Although most are unpaid, an internship is one of the best ways to meet, work and network with movers and shakers in your field of study…not to mention giving hiring managers a taste of the great work you do and your reliability, creativity, and work ethic. Side note, at least here in Nashville, I know frequently that there are actually more companies wanting interns than there are students wanting to intern! Go supply and demand!
Students should do an internship at one of their top target companies if they can afford the opportunity cost. If you need to work a paying job during college, try doing the internship the summer before your final year. Or better, consider interning during your last semester. Make sure to contact the companies you’re considering in late summer to check if a Spring-only internship is an option, since some may only offer a Fall+Spring option. This way you won’t be blindsided and miss the boat on a great opportunity.

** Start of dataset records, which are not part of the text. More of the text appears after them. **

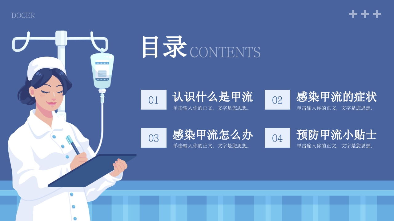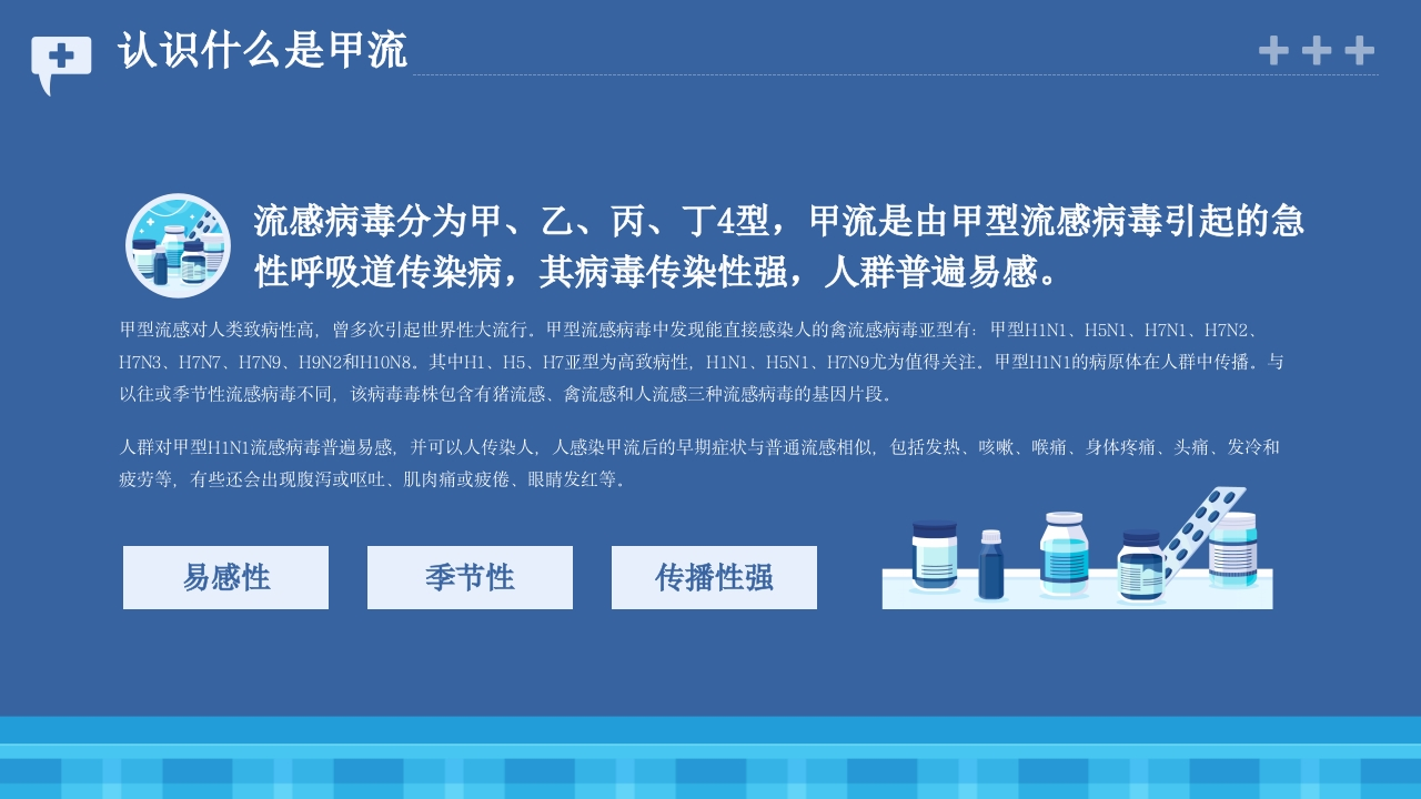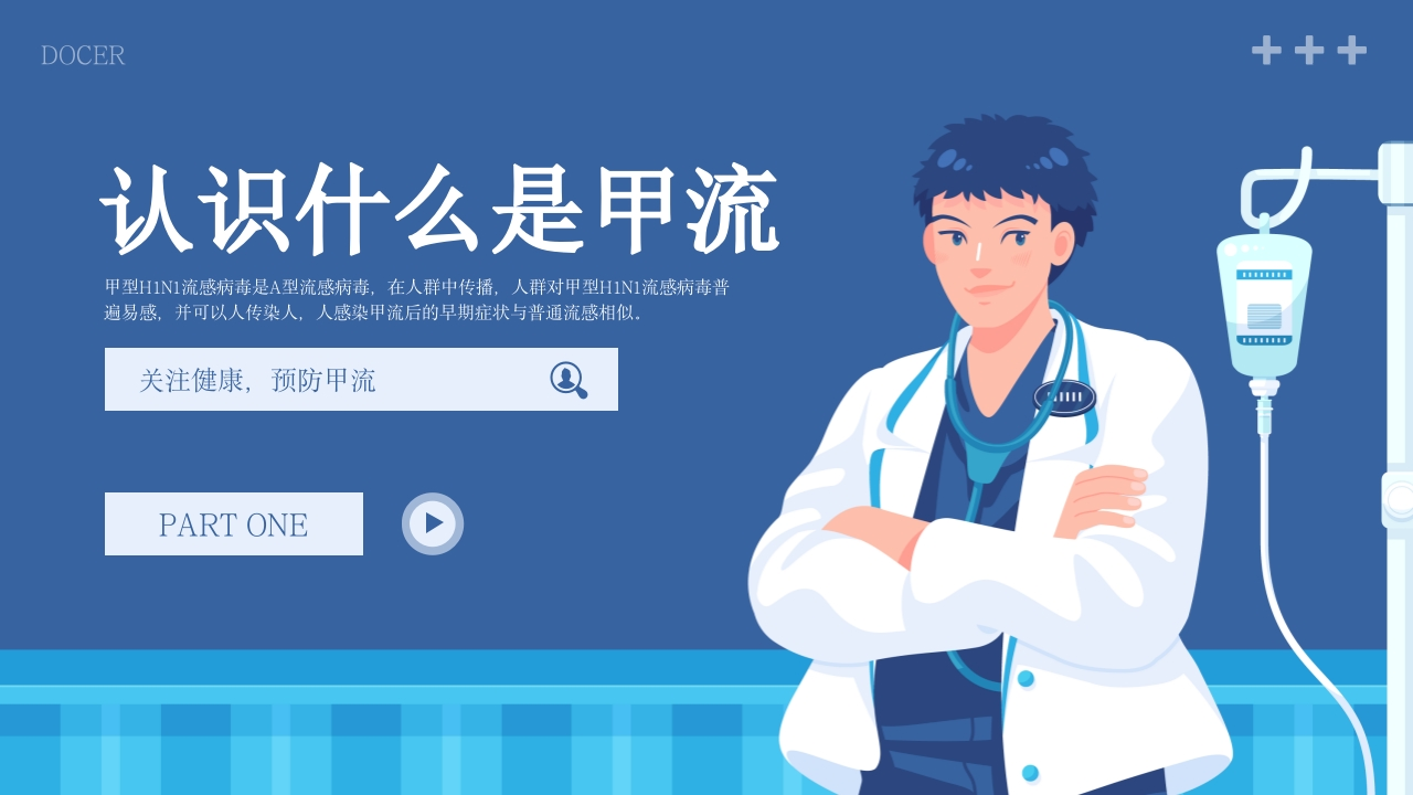 DOCER++十甲型流感病毒科普春季传染病甲型H1N1流感病毒是A型流感病毒,在人群中传播,人群对甲型H1N1流感病毒普111111遍易感,并可以人传染人,人感染甲流后的早期症状与普通流感相似关注健康,预防甲流汇报人:XXx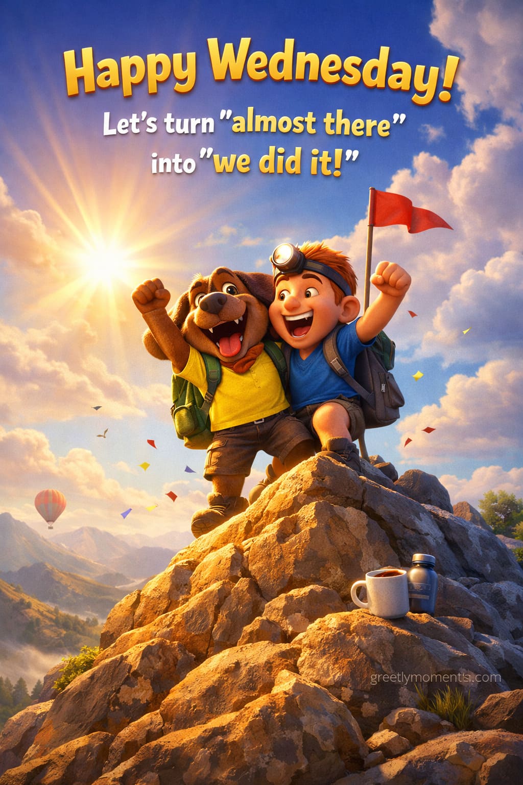 21. “Happy Wednesday! Let’s turn ‘almost there’ into ‘we did it!’”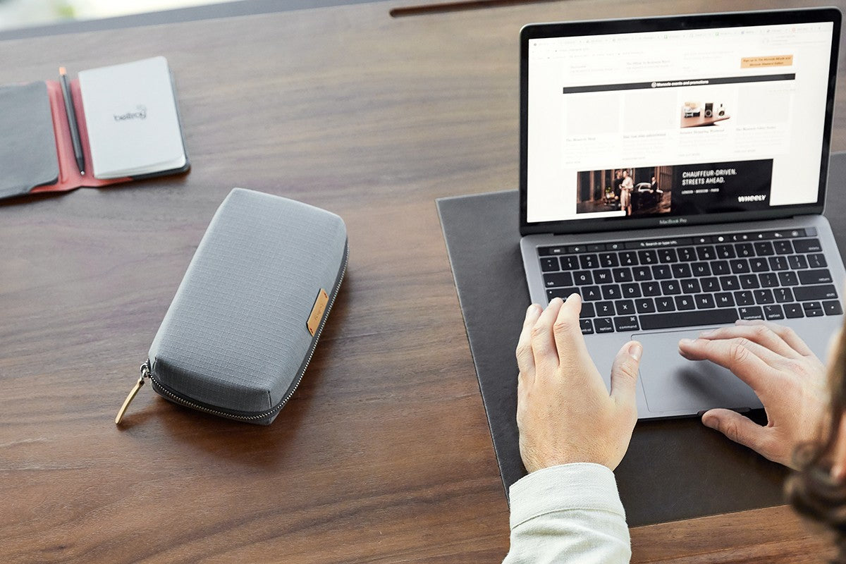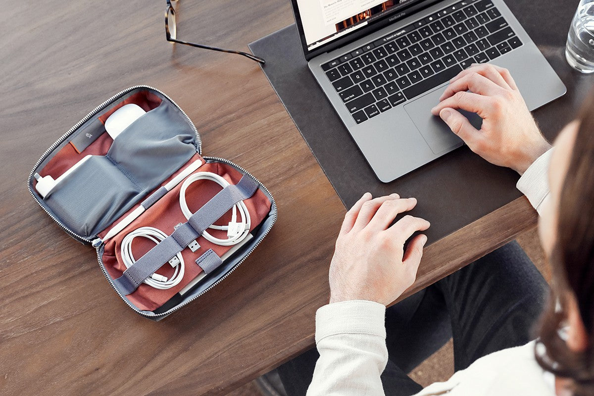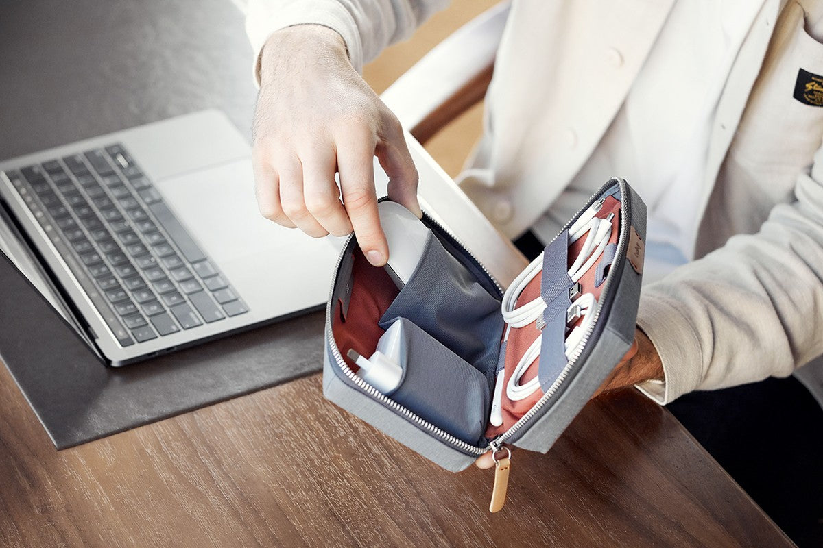 Das Tech Kit organisiert Ihre Technik-Accessoires ohne Kabelsalat – alles bleibt ordentlich und sortiert. Das Kit lässt sich flach aufklappen, sodass Sie vollen und einfachen Zugriff auf Ihr Equipment haben. Eine magnetische Einschubtasche passt perfekt für Ihre Powerbank, eine dehnbare Netztasche nimmt eine Maus auf, und ein elastischer Streifen organisiert Ihre Kabel. Das Layout ist darauf ausgelegt, größere Gegenstände von Kabeln und Ohrhörern zu trennen, um ein Durcheinander zu vermeiden. Eine schwebende Wand im Inneren dehnt sich elastisch aus, um unterschiedlich große Gegenstände aufzunehmen, ohne überflüssigen Platz zu beanspruchen.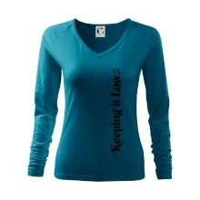 Tolerantnejšie priliehavý dámsky strih, ktorý je vhodný pre všetky typy postavy, ideálna dĺžka rukávov a konzervatívny výstrih zakončený rebrovaním, ktoré skvele drží tvar.
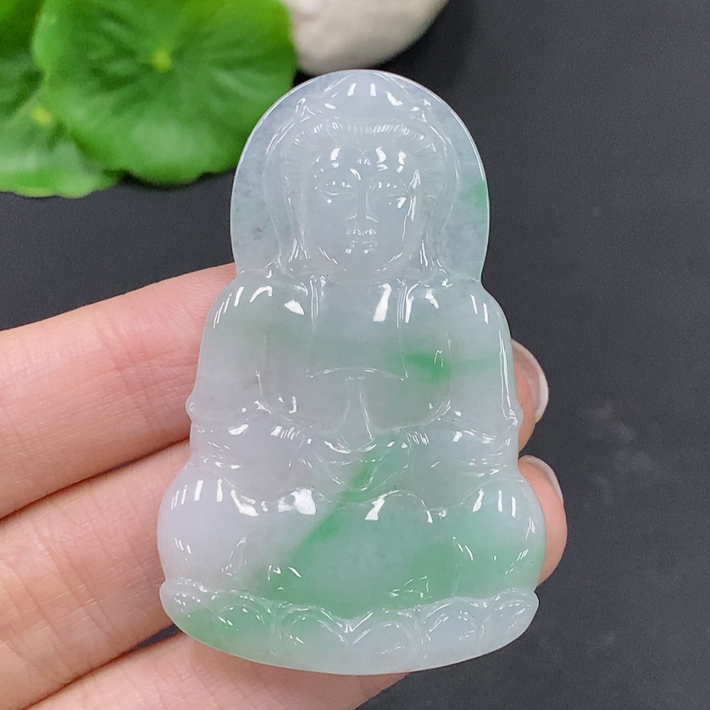 Jadeite Guanyin Pendant, Total Weight Approx. 12.6g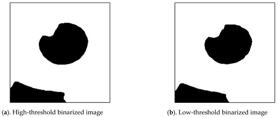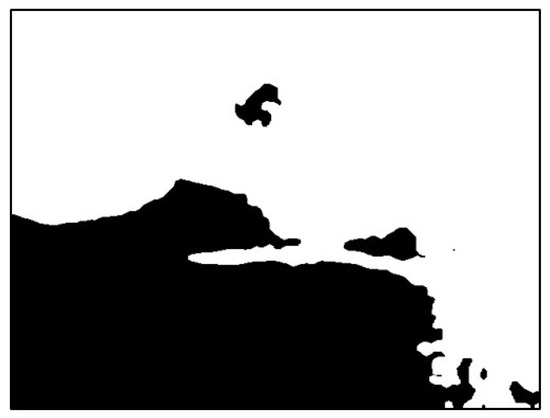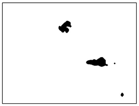 The image was extracted from the background value of the dark group as the threshold value binarization image, as depicted in Figure 18. To maximize the removal of dark values from the edges of the image, morphological erosion calculations were used. This was achieved by reducing white patches in binarization images, as illustrated in Figure 19.

You’ll get firsthand real world knowledge at a company ideally in the department in which you’ll be working once you graduate. This could help you have an advantage over those applicants unknown to the company and earn you a full time job after graduation. Even if you are not hired on after, a reference from your manager as well as opportunities to network during the internship can be valuable tools in efforts toward a solid first job. You could meet someone at another company that may end up hiring you down the road. At worst, you will be able to start building your network.
You seasoned folks, what other advice do you have for forward-thinking college students on preparing for a career? Please comment.